June 30–July 10, 2005

“Exhibition in Crisis: Who’s Stolen the Crown Jewels”, was one of the conference sessions at the Revelation Screen Festival. Joel Bachar from Microcinema (1) made the call that to survive, smaller Australian exhibitors need to provide a niche. He revealed that Microcinema’s formula for success is a venue and atmosphere that provokes discussion of the movies screened. If these are the clues of a triumphant festival, then it’s Revelation 8 that stole the crown jewels.

The Fiction

The first shot in the opening night film, Kontroll (Control) (Nimrod Antal, 2004), (2) carried the audience to the hidden treasure. We descend the escalator into the Hungarian underground rail system. It’s late, and at first it seems that we could be alone, but we’re not. A prostitute also makes her descent. She’s drunk and we watch as her ankles twist in her awkward heels. On the platform we wait with her. The agony of the late night silence breaks against the rail tracks by the oncoming train – this is her last ride. A hooded shadow screams out from behind her and – push! He snuffs her out.

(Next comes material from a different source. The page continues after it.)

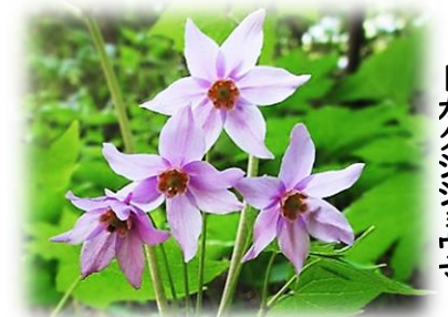
トガクシシユウマ

Big brown bear-eyed Bulcso (Sandor Csanyi) wakes from another night of sleep on the platform. He is the team leader for one of the ticket patrols. It is their job to keep the rail system in Kontroll. Bulcso’s gang constantly gets hammered from unpaying passengers, rival ticket patrol teams, their boss, and now they have the mysterious pusher who is plunging unsuspecting passengers to their death. Mysteriously, Bulcso has not been above ground for some time. At night he nestles himself to sleep in this netherworld, the underground has become his coffin of life. It is love that in the end removes him from this hell, and takes him to the heavens. He finally ascends above ground with the help of the angel-dressed Sophie (Eszter Balla), the daughter of Bella (Lajos Kovacs), a train driver whose carriage is a Catholic shrine that smells of onions.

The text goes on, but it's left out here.